Now he looked up toward the slim band of light, gray and phosphorescent, which hung steadily in the darkness above his head. Occasionally a dark shadow would move across it, and then it would return. It was the bottom of the door. Jess imagined that if he could put his face to that band, he would drink in a stream of cool, fresh air. The putrid smell of the cellar had ceased to nauseate him. He wore it now, like a hood. But the prospect of one clean breath of air was painfully tantalizing.

By now used to the darkness, Jess could see the many steps which led up to the door. It was the only way out, and it was not far away, yet it seemed as remote as another continent to him. But he knew that he
had to try to get out. His extremities were numb, with only an occasional tingle evidencing the remaining life in his hands and feet. He had had no food since she left him down there. She was going to let him die in his dungeon. He wondered if Maggie was still alive. He had to try. He could not just lie there and accept the fact that he was buried alive.

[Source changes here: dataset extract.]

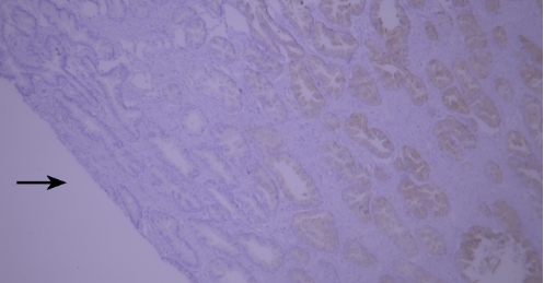 TIMP-1 staining of paraffin-embedded human prostate tissue sections showed false negatives due to tissue drying (indicated by black arrows).

Jess’s eyes returned to the fillet of light. He could also see motes of light flickering through the door itself.
Old wood,
he thought.
Rotten.
A trace of hope stirred inside of him. It could be smashed, he reasoned, if it was battered with the hardest thing at hand. With a feeling of despair he realized that his head and shoulder were his only tools. Wearily, he slumped back to the earth, his head throbbing from the prospect. Then he lifted his aching head and looked again. He knew that he had to try it. It was better than dying.

With agonizing slowness he summoned all his remaining strength and began to wriggle across the floor to the foot of the stairs. Using his knee and shoulder to propel himself, Jess inched his way over the cold, damp earth. With every few inches he gained he paused, gasping for breath, the clumps of earth sticking to his dry, cracked lips and clogging his nostrils. His shirt had bunched up almost to his armpits, leaving his torso bare and scraped. The gravel in the floor gouged holes in his bony knees. He sucked in what air he could, then continued on. Finally, after an interminable journey, he reached the foot of the stairs.

Jess dropped his head heavily on the surface of the bottom step. The ragged, splintered surface of the wood
snagged him like thorns. He dreaded the prospect of dragging his body across the wooden planks, exposing every inch of his skin to the sharp slivers which would insinuate themselves below the surface to throb there. But the shaft of light that penetrated the rotten door drew him on.